Go through the data below and repeat it exactly, skipping each picture.

SUPPLIED MATERIAL =>
Content starts
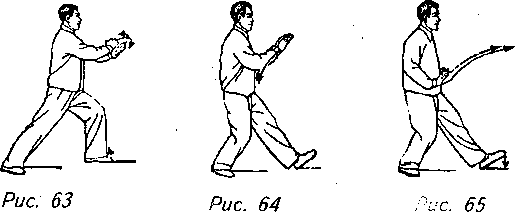 Упражнение “Ухватить Птицу за хвост слева” состоит из четырех основных движений. Они по традиции называются: "Пэнь”, что означает "отражение удара”, и это показано на рис. 57, 58; “Лю”, что значит “откат назад”, как показано на рис. 59, 60; “Цзи”, что означает “стискивание”, как показано на рис. 61, 62; и “Ань”, означающее “Толчок”, и это показано на рис. 66.
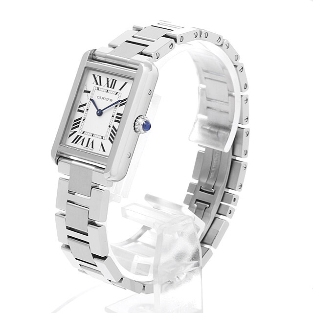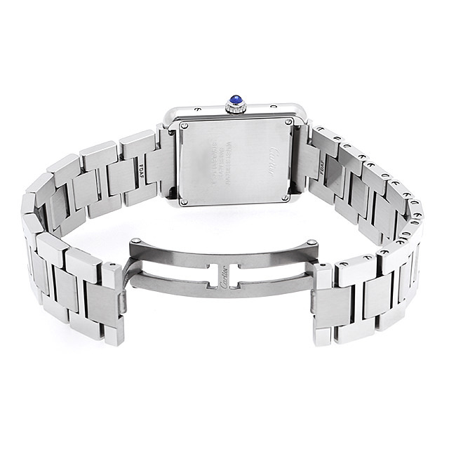 - フラットなスクエアケースにシルバーダイヤルを納めた、タンクシリーズの中でもすっきりとした印象を与えるモデルです。インデックス10時の一部にブランド名を使用しており、細部にまでこだわりが感じられる逸品です。カルティエらしいクール&エレガントなデザインは、コーディネートのポイントとして永く愛用できるので、贈り物にもお勧めです。
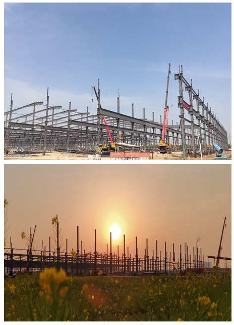 為進一步調動參建人員的積極性和創造性,分公司組織開展項目“大干90天”勞動競賽,有效形成了一片“比、學、趕、幫、超的火熱生產局面。盡管3月底持續陰雨天氣,但絲毫沒有影響到月施工進度,2#車間整體框架已全部按時間節點圓滿完成。目前,1#車間安裝正在高速推進。
Content ends
RESPONSE BOX =>
 Упражнение “Ухватить Птицу за хвост слева” состоит из четырех основных движений. Они по традиции называются: "Пэнь”, что означает "отражение удара”, и это показано на рис. 57, 58; “Лю”, что значит “откат назад”, как показано на рис. 59, 60; “Цзи”, что означает “стискивание”, как показано на рис. 61, 62; и “Ань”, означающее “Толчок”, и это показано на рис. 66.
 - フラットなスクエアケースにシルバーダイヤルを納めた、タンクシリーズの中でもすっきりとした印象を与えるモデルです。インデックス10時の一部にブランド名を使用しており、細部にまでこだわりが感じられる逸品です。カルティエらしいクール&エレガントなデザインは、コーディネートのポイントとして永く愛用できるので、贈り物にもお勧めです。
 為進一步調動參建人員的積極性和創造性,分公司組織開展項目“大干90天”勞動競賽,有效形成了一片“比、學、趕、幫、超的火熱生產局面。盡管3月底持續陰雨天氣,但絲毫沒有影響到月施工進度,2#車間整體框架已全部按時間節點圓滿完成。目前,1#車間安裝正在高速推進。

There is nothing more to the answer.